* **WHAT THE TASK ASKS**: Among the entries below, take the line with "ویژگی های محصول:••۴" and the line with "A licitação de", and output them and every line between them exactly, with nothing else.

* **THE DATA**:
══════════════════════════════

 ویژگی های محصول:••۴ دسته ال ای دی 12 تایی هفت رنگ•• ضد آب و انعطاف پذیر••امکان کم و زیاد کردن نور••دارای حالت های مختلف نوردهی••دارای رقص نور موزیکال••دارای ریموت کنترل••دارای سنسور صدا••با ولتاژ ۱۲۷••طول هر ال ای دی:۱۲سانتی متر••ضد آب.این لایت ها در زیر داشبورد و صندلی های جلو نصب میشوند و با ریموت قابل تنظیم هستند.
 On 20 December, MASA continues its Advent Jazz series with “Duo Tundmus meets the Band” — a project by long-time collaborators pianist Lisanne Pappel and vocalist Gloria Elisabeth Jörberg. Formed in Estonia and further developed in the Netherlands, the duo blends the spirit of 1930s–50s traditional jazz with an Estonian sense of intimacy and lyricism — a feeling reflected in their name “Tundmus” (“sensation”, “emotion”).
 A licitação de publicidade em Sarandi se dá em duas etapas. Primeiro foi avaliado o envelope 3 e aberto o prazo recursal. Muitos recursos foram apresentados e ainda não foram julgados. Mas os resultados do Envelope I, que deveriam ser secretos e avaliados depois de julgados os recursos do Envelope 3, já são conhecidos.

══════════════════════════════

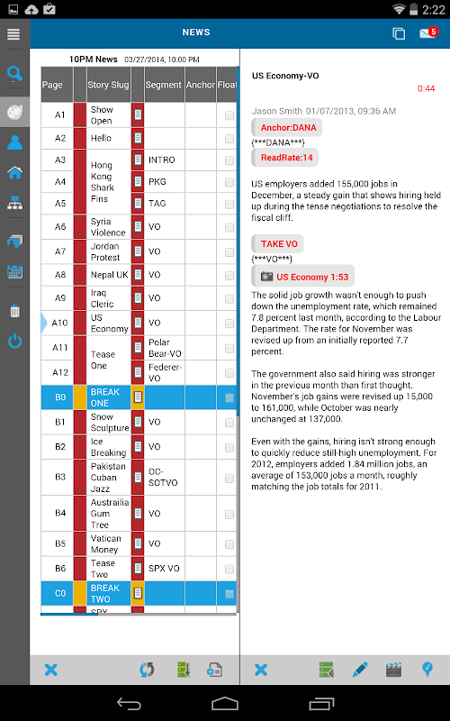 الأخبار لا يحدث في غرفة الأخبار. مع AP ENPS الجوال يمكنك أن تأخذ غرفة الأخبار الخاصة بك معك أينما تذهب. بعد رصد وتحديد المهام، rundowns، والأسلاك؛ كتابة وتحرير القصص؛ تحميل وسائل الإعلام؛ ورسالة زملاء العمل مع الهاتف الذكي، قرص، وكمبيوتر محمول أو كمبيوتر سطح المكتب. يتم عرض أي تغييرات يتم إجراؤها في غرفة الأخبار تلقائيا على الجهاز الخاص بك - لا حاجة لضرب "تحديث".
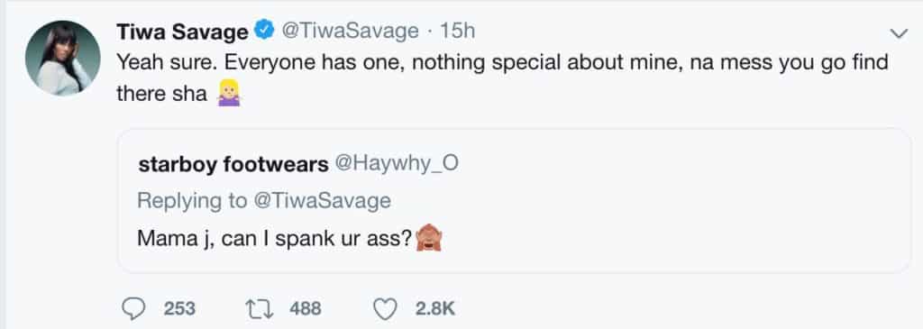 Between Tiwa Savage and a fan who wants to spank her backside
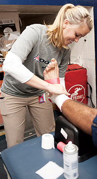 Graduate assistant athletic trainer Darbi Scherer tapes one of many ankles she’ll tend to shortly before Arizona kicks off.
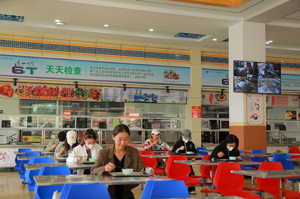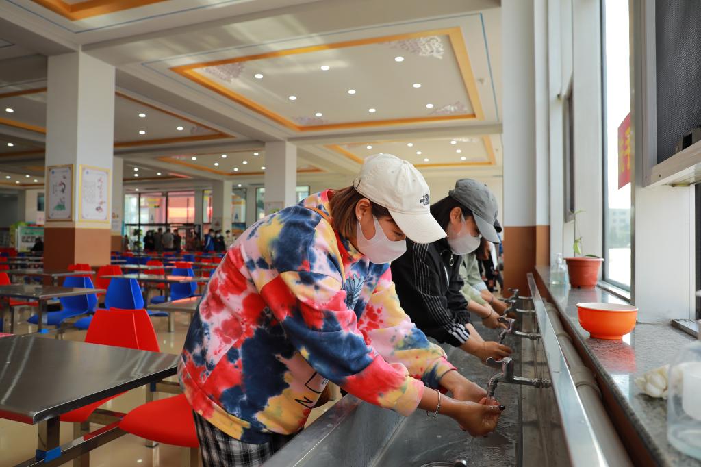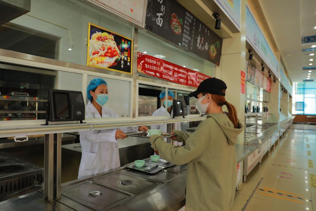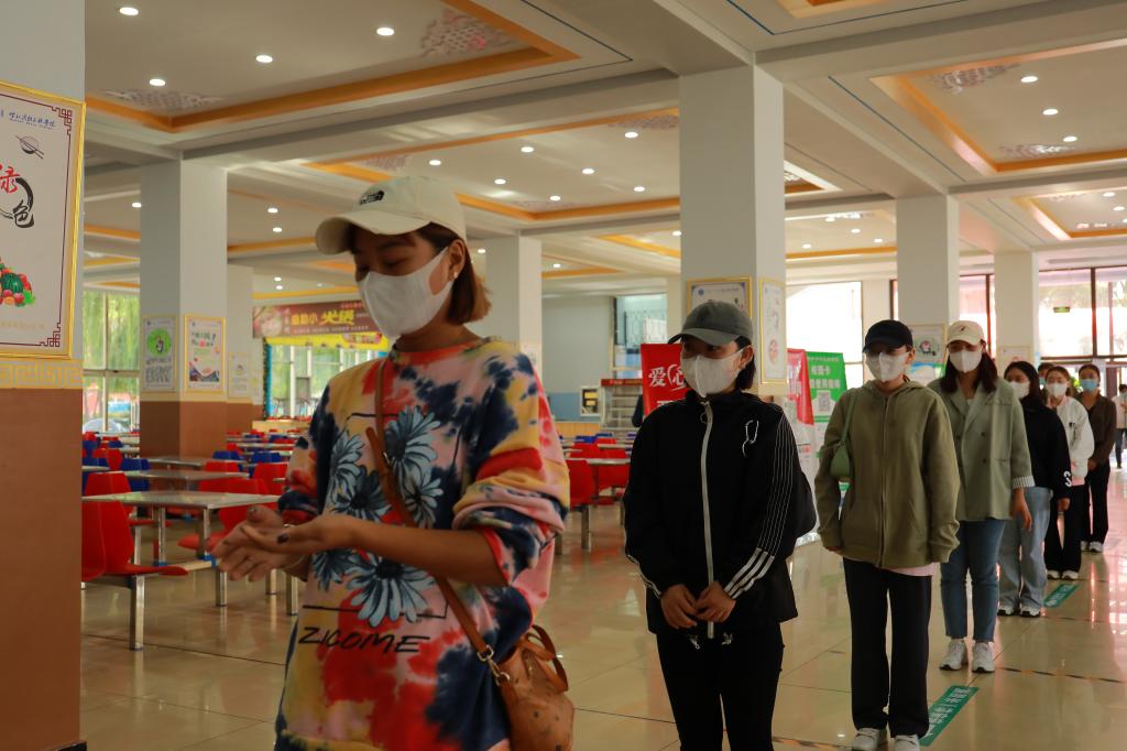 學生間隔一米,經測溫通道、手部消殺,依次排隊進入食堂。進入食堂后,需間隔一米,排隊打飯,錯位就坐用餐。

══════════════════════════════

* **EXPECTED ANSWER**:
 ویژگی های محصول:••۴ دسته ال ای دی 12 تایی هفت رنگ•• ضد آب و انعطاف پذیر••امکان کم و زیاد کردن نور••دارای حالت های مختلف نوردهی••دارای رقص نور موزیکال••دارای ریموت کنترل••دارای سنسور صدا••با ولتاژ ۱۲۷••طول هر ال ای دی:۱۲سانتی متر••ضد آب.این لایت ها در زیر داشبورد و صندلی های جلو نصب میشوند و با ریموت قابل تنظیم هستند.
 On 20 December, MASA continues its Advent Jazz series with “Duo Tundmus meets the Band” — a project by long-time collaborators pianist Lisanne Pappel and vocalist Gloria Elisabeth Jörberg. Formed in Estonia and further developed in the Netherlands, the duo blends the spirit of 1930s–50s traditional jazz with an Estonian sense of intimacy and lyricism — a feeling reflected in their name “Tundmus” (“sensation”, “emotion”).
 A licitação de publicidade em Sarandi se dá em duas etapas. Primeiro foi avaliado o envelope 3 e aberto o prazo recursal. Muitos recursos foram apresentados e ainda não foram julgados. Mas os resultados do Envelope I, que deveriam ser secretos e avaliados depois de julgados os recursos do Envelope 3, já são conhecidos.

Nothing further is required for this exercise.